Simd vs plain Swift (simd is slower?)

While asking about inlining in another post, I decided to add some extensions to SCNQuaternion. Fortunately, GLKQuaternion implements them in the header in C, so I could look at their implementations to copy.

Here’s one for adding quaternions:

GLK_INLINE GLKQuaternion GLKQuaternionAdd(GLKQuaternion quaternionLeft, GLKQuaternion quaternionRight)
{
#if   defined(GLK_SSE3_INTRINSICS)
    __m128 v = _mm_load_ps(&quaternionLeft.q[0]) + _mm_load_ps(&quaternionRight.q[0]);
    return *(GLKQuaternion *)&v;
#else
    GLKQuaternion q = {{ quaternionLeft.q[0] + quaternionRight.q[0],
                         quaternionLeft.q[1] + quaternionRight.q[1],
                         quaternionLeft.q[2] + quaternionRight.q[2],
                         quaternionLeft.q[3] + quaternionRight.q[3] }};
    return q;
#endif
}

I was ready to try to massage the pointers to make use of SSE, but wanted to also play nice on Apple silicon, and remembered simd exists. SCNQuaternion is a SCNVector4 and there's already support for simd_float4 with that, so I gave that a try, and compared it to a simple Swift implementation to add the components. To my surprise, at least in the Playground, the simple Swift code seems substantially faster. I can't figure out if Xcode is optimizing Playground code or not (the code is in a separate file in the Sources dir, and the test methods are called from the Playground proper). I wonder if it's just failing to inline some calls, or what. Here's my code:

import SceneKit

import Foundation
import simd


public
func
simdAdd(_ inLHS: SCNQuaternion, _ inRHS: SCNQuaternion)
    -> SCNQuaternion
{
    let l = simd_float4(inLHS)
    let r = simd_float4(inRHS)
    let s = l + r
    return SCNQuaternion(s)
}

public
func
swiftAdd(_ inLHS: SCNQuaternion, _ inRHS: SCNQuaternion)
    -> SCNQuaternion
{
    return SCNQuaternion(inLHS.x + inRHS.x, inLHS.y + inRHS.y, inLHS.z + inRHS.z, inLHS.w + inRHS.w)
}

public
func
testSIMD()
{
    let a = SCNQuaternion(1, 2, 3, 1)
    var c = SCNQuaternion()

    let start:Double  = CFAbsoluteTimeGetCurrent()
    for _ in 0 ..< 10000
    {
        c = simdAdd(c, a)
    }
    let end: Double = CFAbsoluteTimeGetCurrent()

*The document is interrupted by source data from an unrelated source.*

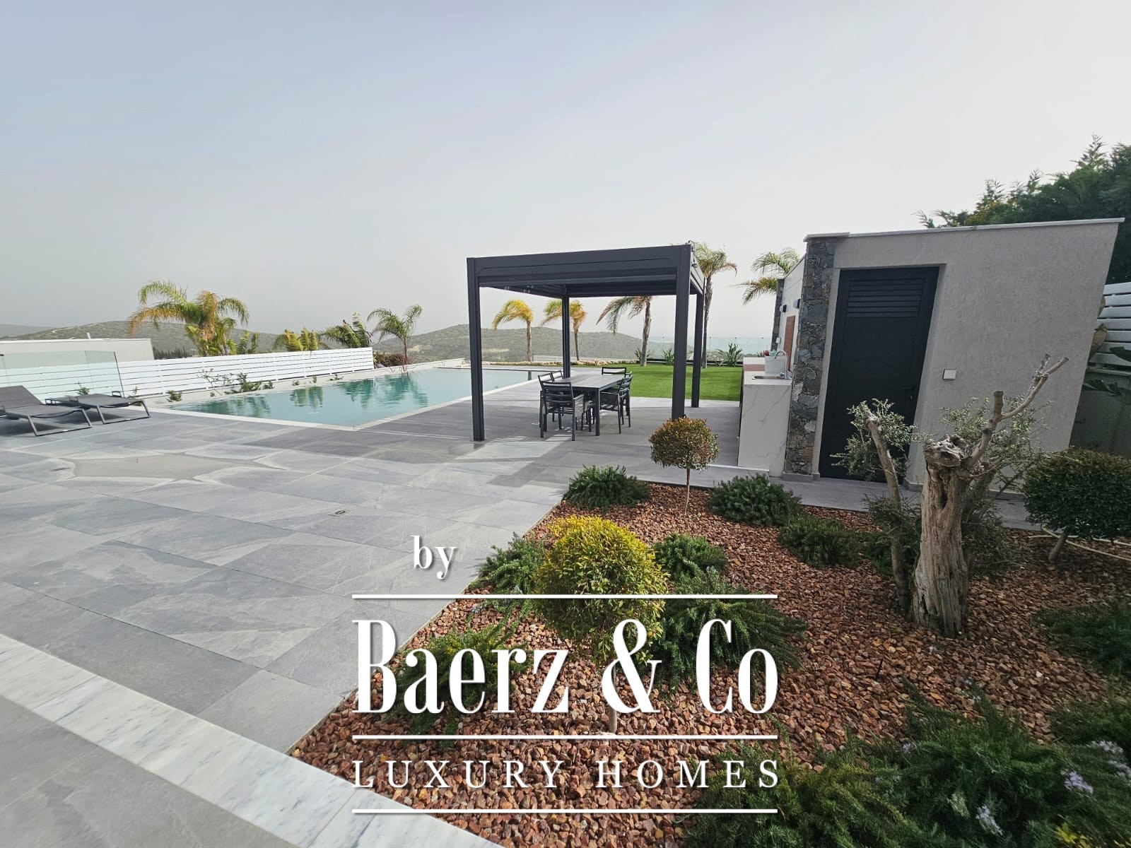 Outdoors, the landscaped garden frames a private swimming pool and BBQ area, complemented by a poolside shower and toilet. Eight parking spaces, ample storage, a security door, and a dedicated service room complete the offering. This villa defines high-end living for those drawn to the unique panorama and tranquility of Parekklisia.
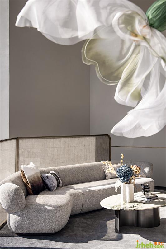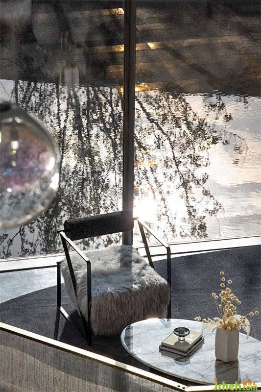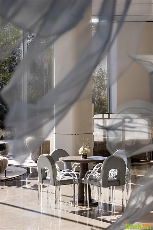 大面積的玻璃落地窗,讓自然光線進入,若即若離的景色變化以及戲劇性的情感體驗,激發(fā)訪者的想象情境;在樹影點光的映射下,置身于弧形洽談區(qū)之中,仿如被空間包裹著。營銷中心設計在弱化空間界限性的同時,希望訪者憑借內心的回憶為空間添上顏色。
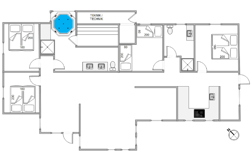 Das Haus ist mit seinen insgesamt 147 m2 gut aufgeteilt und bietet ausreichend Platz für Alle. Das Zentrum dieses Ferienhauses bildet unumstritten der grosse Wohn- und Essbereich mit integrierter Einbauküche. Hier kann gleichzeitig auf dem Sofa relaxt werden, während die Hobbyköche neueste Kreationen aus dem Internet ausprobieren und eure Gaumen später damit verwöhnen werden.
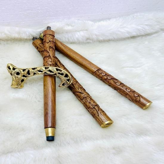 91,44 cm Viktorianischer Gravierter Königlicher Gehstock, Messingblütenkopf mit Holzgraviertem Gehstock, Geschenke für Ihn, Weihnachtsgeschenk
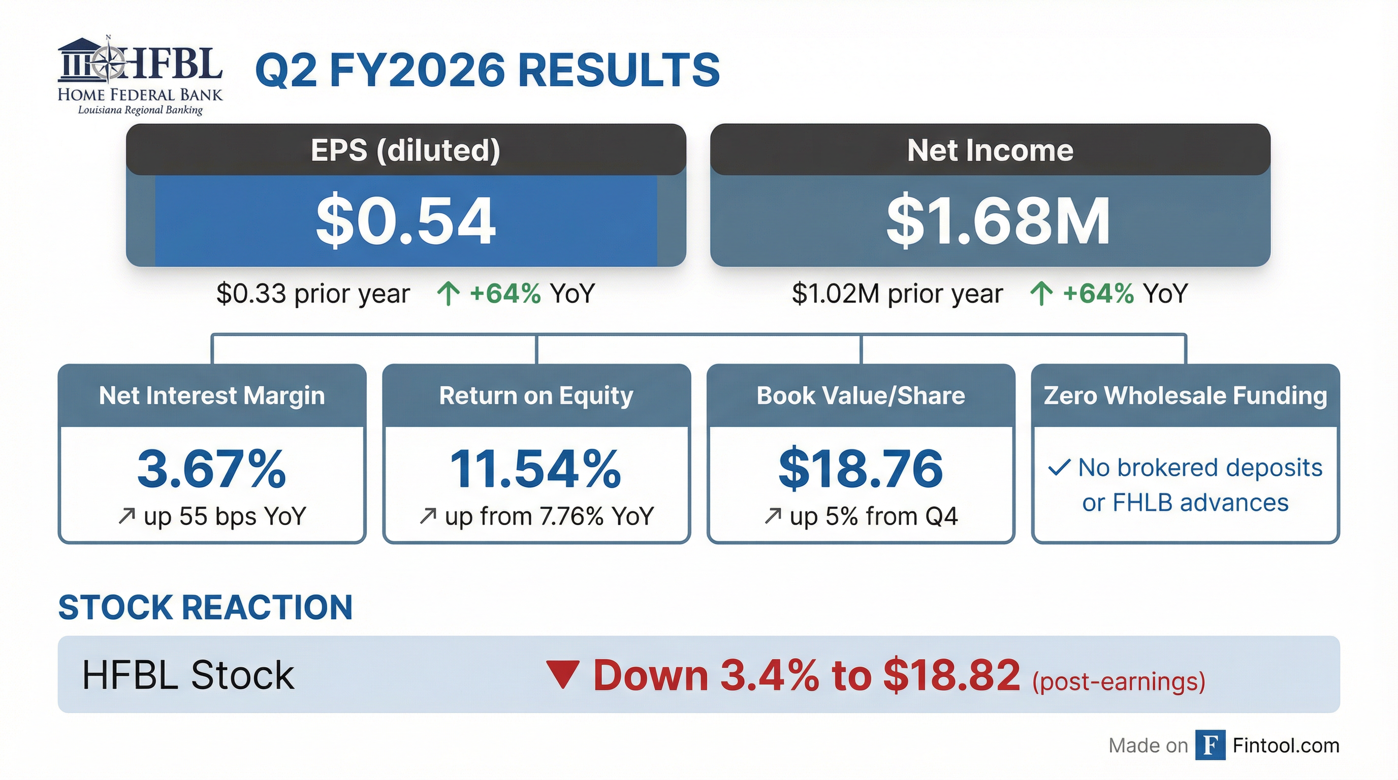 - Home Federal Bancorp, Inc. of Louisiana reported net income of $1.675 million for the three months ended December 31, 2025, with basic earnings per share of $0.55, compared to $1.020 million and $0.33, respectively, for the same period in 2024. For the six months ended December 31, 2025, net income was $3.274 million and basic EPS was $1.09.

    print("SIMD took:  \(end - start) s")
}

public
func
testSwift()
{
    let a = SCNQuaternion(1, 2, 3, 1)
    var c = SCNQuaternion()

    let start:Double  = CFAbsoluteTimeGetCurrent()
    for _ in 0 ..< 10000
    {
        c = swiftAdd(c, a)
    }
    let end: Double = CFAbsoluteTimeGetCurrent()

    print("Swift took: \(end - start) s")
}

Running the playground produces this output:

SIMD took:  0.005373954772949219 s
Swift took: 0.0032699108123779297 s

I can't get Xcode to show me the assembly to see what it's doing. But I'm surprised at the result. Any ideas?

1 Like

First, don’t do performance testing in playgrounds. Use a real project with optimizations turned on. Second, you can use godbolt.org to see disassembly.

3 Likes

Unfortunately godbolt.org doesn't know about things like SceneKit, but I did it on the command line (code and assembly output available. Source is at the bottom of the page):

$ swift test.swift 
SIMD took:  0.00363600 s
Swift took: 0.00278902 s
swift -O test.swift 
SIMD took:  0.00006199 s
Swift took: 0.00001395 s

The following commands got me disassembly in BBEdit:

$ swiftc -emit-assembly  test.swift | edit
$ swiftc -O -emit-assembly  test.swift | edit

To my dismay, none of the init() calls are inlined in either optimized or unoptimized build, so in the optimized build, simdAdd() makes three calls, whereas swiftAdd() makes one. In the unoptimized build, I have no idea what swiftAdd() is doing. There is a lot more code generated with calls to generic specializations and assertions and who knows what else.

So how can one make this code faster? The most obvious is to use simd_quatf, but as a general rule, don’t we want Swift to be inherently better at this sort of thing?

It's fascinating to see the unoptimized loop explode. I can't even tell where the loop is. Even the optimized loop

One aspect of this code that can make it slower is that there are(possible) vector allocations/copies there...
l + r would create a new vector and copy to s? So what happens with benchmarks if you do it like

    let l = simd_float4(inLHS)
    let r = simd_float4(inRHS)
    l += r
    return SCNQuaternion(l)

Also, it maybe worth it trying to see what happens if you @inline the simdAdd and swiftAdd to see what kind of help the optimizer can give in that case.

I'm confused, why not use the perfectly good existing GLK implementation? It's already written for you, and the compiler can vectorize the generic fallback path just fine. Or use simd_add on simd_quatfs, which is also already written for you, and explicitly vectorized. There's no really good reason to rewrite all this stuff that already exists in the SDK.

1 Like

I completely agree with Steve here, and just to add on since it looks like you are using SceneKit, you can simply get the simd_quatf of a node's orientation from the simdOrientation property.

There should be no need to deal with SCNQuaternion at all.

At the time I wrote the original post I didn't realize simd_quatf existed, but if you look at my reply above, I state:

So, yes, I'm now using simd_quatf, because SceneKit has simd versions of many of its properties and methods.

simd_quatf is imported from the simd module as a Swift type, and used just like any other; it is Swift. It doesn't make sense to say "don't we want Swift to be faster than simd_quatf?".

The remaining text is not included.